An improvement in Survival is considered the ultimate composite endpoint. It's an
unambiguous measure of clinical benefit. The problem is that it takes a great deal of time to prove a survival benefit* for indolent or chronic disease. So surrogate endpoints are needed that may *reasonably* predict that a therapy provides clinical benefit - a survival advantage, or improvement in symptoms that does not negatively impact on survival.

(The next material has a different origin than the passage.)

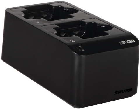
SBC203 Dual-Docking Recharging Station

Dual docking recharging station charges two SB903 lithium-ion batteries in or out of their transmitters. Built to charge two batteries, two body pack transmitters, two handheld transmitters or any pairing of two SLX-D transmitters or SB903 batteries.

(* Regarding Survival benefit: Studies can only reliably compare outcomes for groups. For example: You
randomly assign people to different groups to avoid patient selection bias. You try to objectively measure outcomes. You compare the median (average) survival (or
a surrogate marker) of group A with group B to see which did better. . .... But no study can prove a
survival benefit in individual cases.)
Response, and response duration can mislead as endpoints for clinical benefit, because you also have to factor in the toxicities that were realized to achieve the response. How these exposures may limit future options,
for example ... So endpoints selected in many trials are considered surrogates that may suggest that an intervention provides clinical benefit, such as:
Reponse Rate (RR), Complete Response Rate (CRR), Time to Progress
(TTP), Time to Treatment Failure (TTF), Time to Next Treatment (TNT), Disease Free Survival
(DFS), and Freedom from Treatment Failure (FFTF):.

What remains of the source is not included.